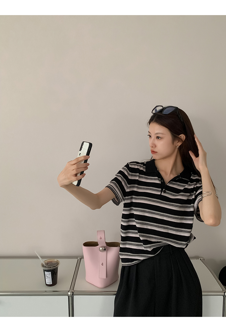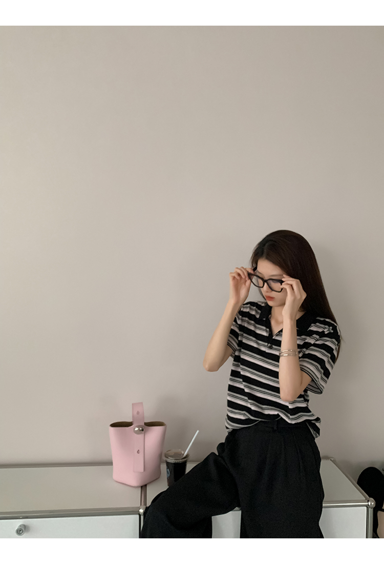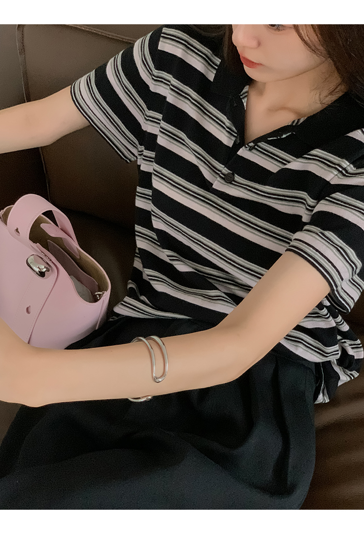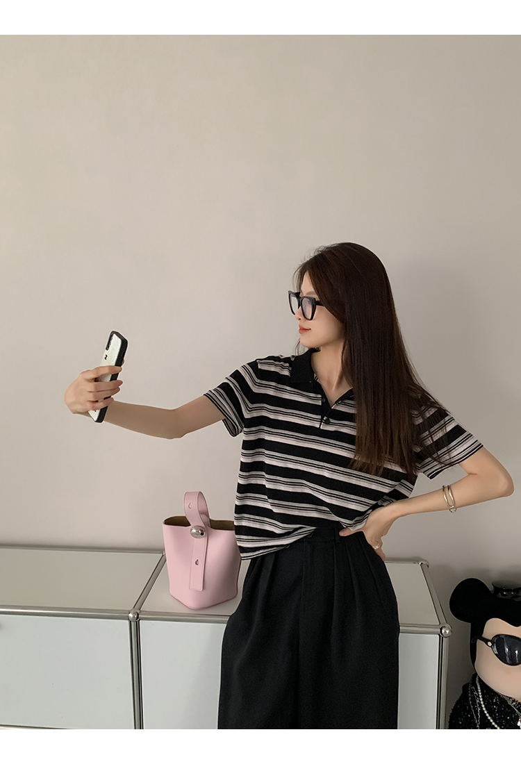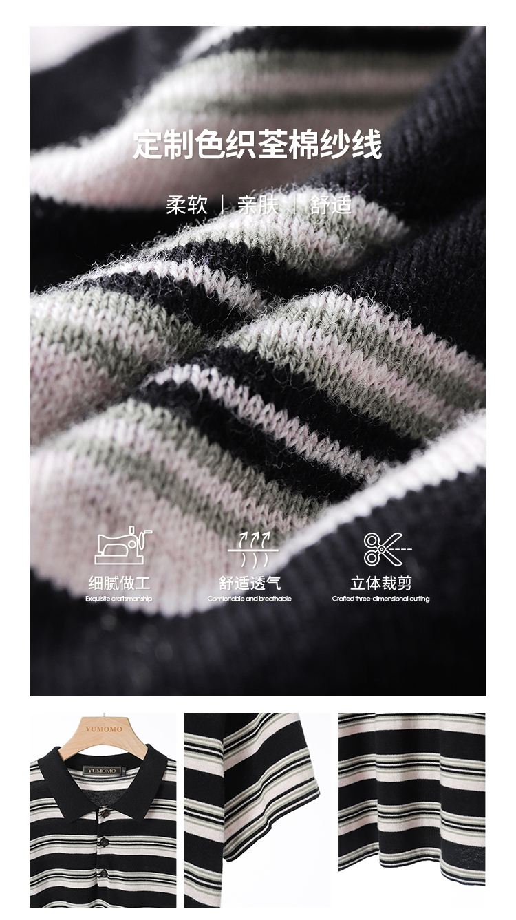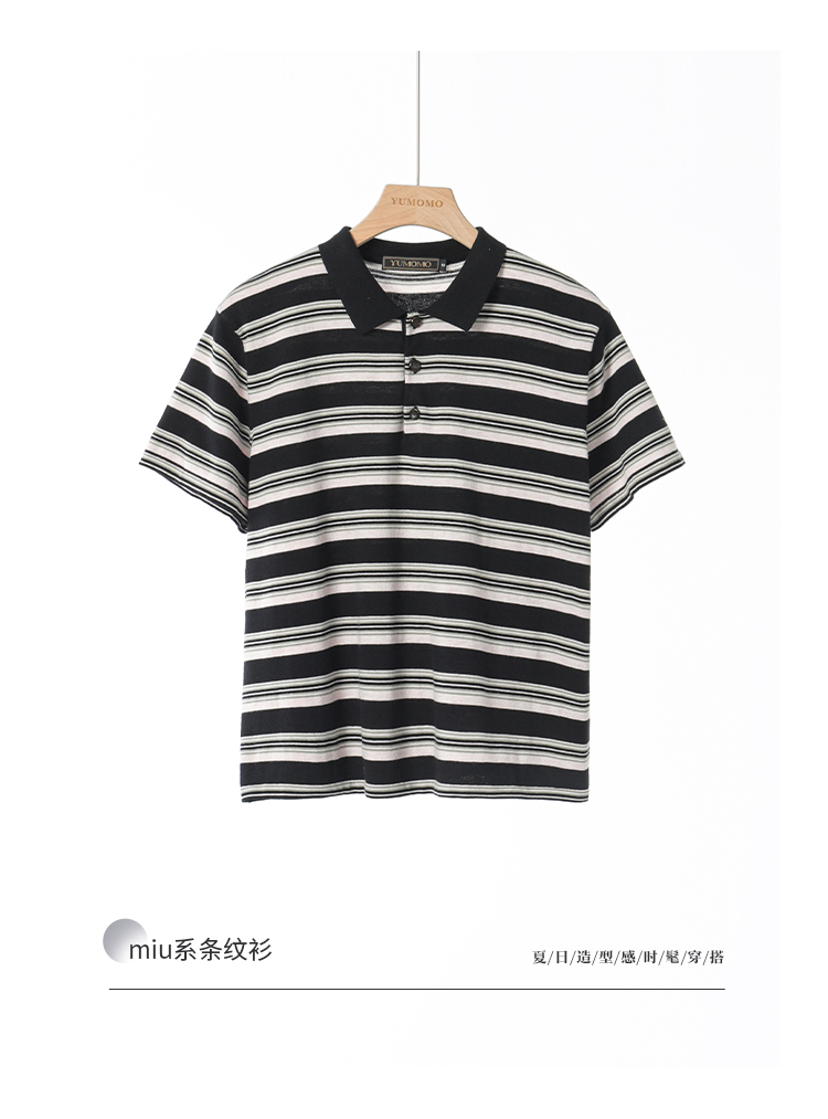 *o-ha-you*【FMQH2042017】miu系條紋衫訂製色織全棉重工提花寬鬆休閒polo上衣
· · · · ·
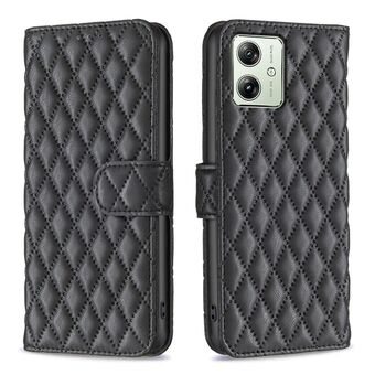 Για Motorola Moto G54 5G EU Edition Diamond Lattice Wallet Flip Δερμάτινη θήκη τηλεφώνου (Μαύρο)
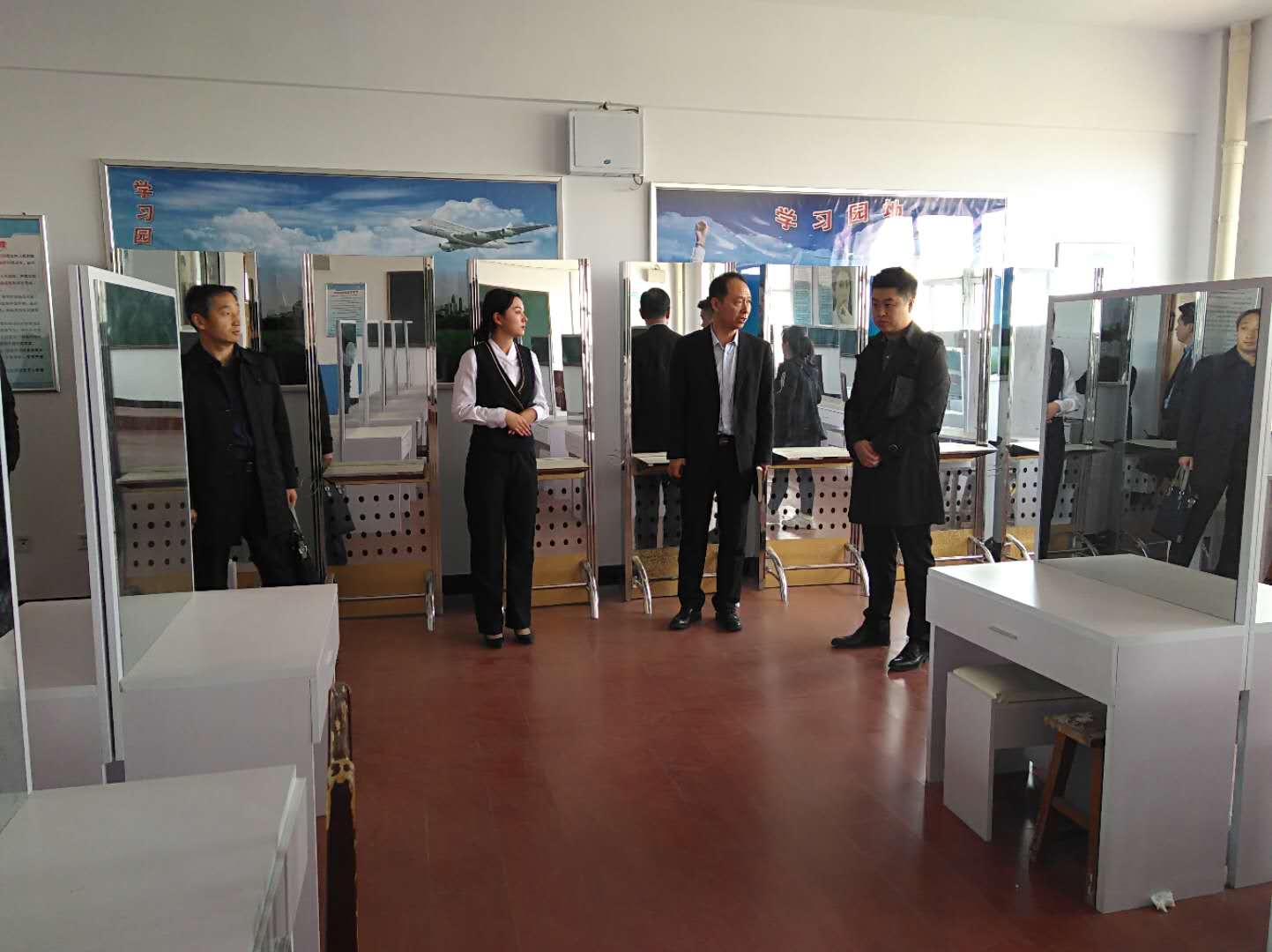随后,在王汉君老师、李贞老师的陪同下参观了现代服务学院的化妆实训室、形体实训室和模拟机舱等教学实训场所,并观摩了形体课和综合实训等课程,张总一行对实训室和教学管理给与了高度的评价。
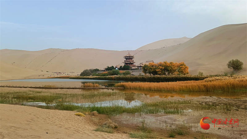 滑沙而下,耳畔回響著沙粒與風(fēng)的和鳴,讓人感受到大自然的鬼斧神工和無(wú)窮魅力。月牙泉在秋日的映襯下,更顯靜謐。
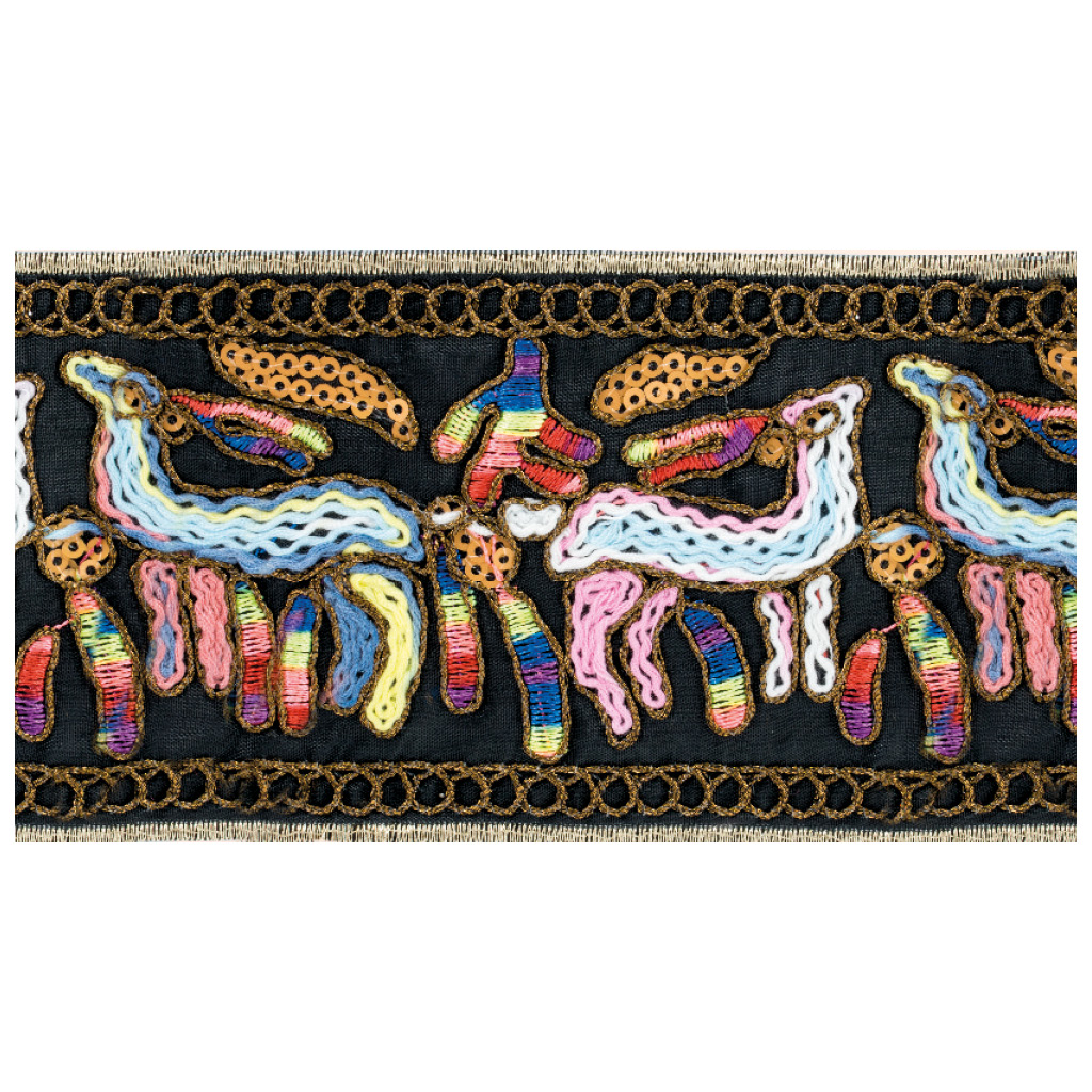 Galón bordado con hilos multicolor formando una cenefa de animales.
· · · · ·
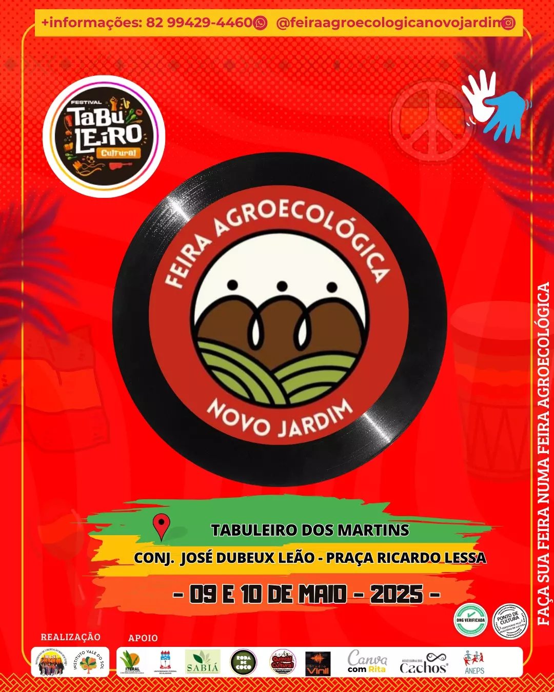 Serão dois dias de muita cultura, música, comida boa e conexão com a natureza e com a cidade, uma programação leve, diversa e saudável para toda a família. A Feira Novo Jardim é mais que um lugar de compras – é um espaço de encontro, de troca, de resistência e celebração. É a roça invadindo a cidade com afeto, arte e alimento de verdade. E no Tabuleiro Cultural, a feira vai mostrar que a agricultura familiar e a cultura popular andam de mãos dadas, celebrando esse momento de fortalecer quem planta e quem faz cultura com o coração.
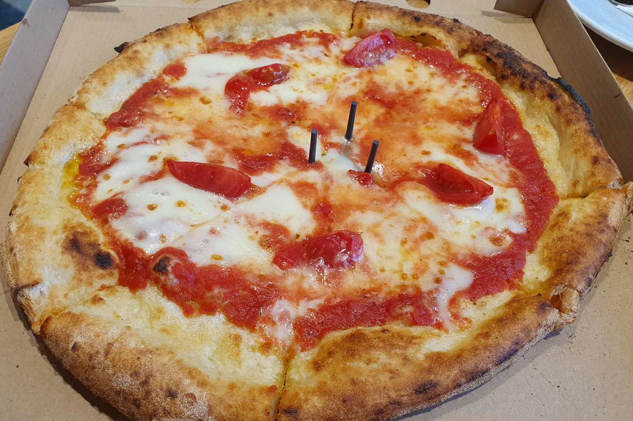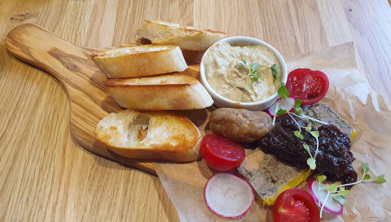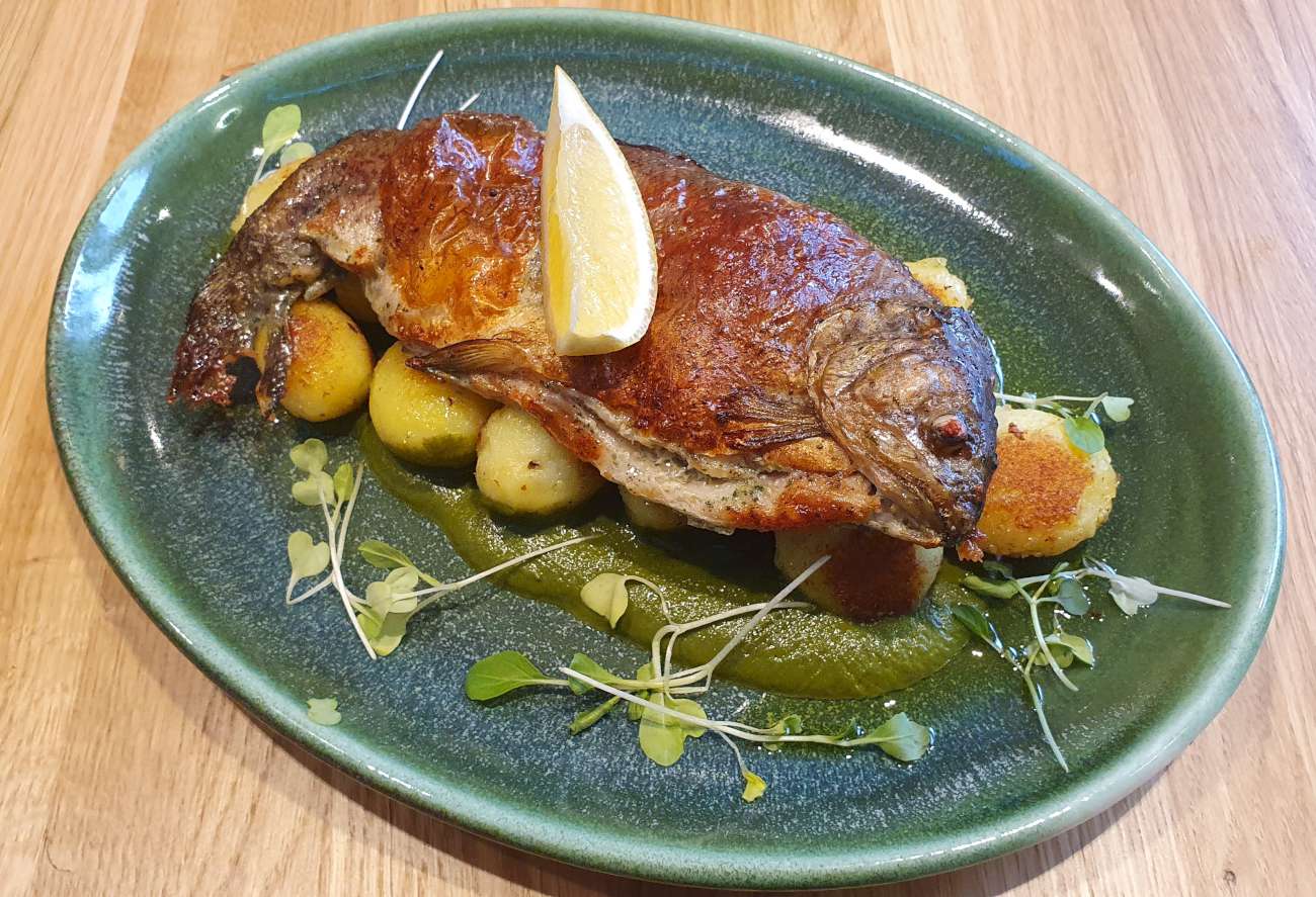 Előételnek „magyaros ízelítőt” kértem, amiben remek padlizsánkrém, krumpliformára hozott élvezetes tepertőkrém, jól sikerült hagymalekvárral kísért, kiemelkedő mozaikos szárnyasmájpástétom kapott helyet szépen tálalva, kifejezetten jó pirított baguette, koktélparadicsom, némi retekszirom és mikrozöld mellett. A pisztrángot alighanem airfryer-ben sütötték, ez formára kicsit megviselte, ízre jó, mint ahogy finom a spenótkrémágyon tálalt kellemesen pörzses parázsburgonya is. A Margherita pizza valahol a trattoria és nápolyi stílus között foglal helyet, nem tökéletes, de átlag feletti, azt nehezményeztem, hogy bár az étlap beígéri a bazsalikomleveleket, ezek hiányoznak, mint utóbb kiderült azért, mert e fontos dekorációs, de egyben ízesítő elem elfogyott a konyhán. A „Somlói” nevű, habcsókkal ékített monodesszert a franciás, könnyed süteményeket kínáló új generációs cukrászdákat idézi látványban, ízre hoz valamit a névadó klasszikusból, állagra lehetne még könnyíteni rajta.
· · · · ·
ASSIGNMENT
Repeat, word for word, the lines of the material above from the one holding "Για Motorola Moto" through the one holding "Galón bordado con". Leave out pictures.

YOUR SOLUTION
 Για Motorola Moto G54 5G EU Edition Diamond Lattice Wallet Flip Δερμάτινη θήκη τηλεφώνου (Μαύρο)
随后,在王汉君老师、李贞老师的陪同下参观了现代服务学院的化妆实训室、形体实训室和模拟机舱等教学实训场所,并观摩了形体课和综合实训等课程,张总一行对实训室和教学管理给与了高度的评价。
 滑沙而下,耳畔回響著沙粒與風(fēng)的和鳴,讓人感受到大自然的鬼斧神工和無(wú)窮魅力。月牙泉在秋日的映襯下,更顯靜謐。
 Galón bordado con hilos multicolor formando una cenefa de animales.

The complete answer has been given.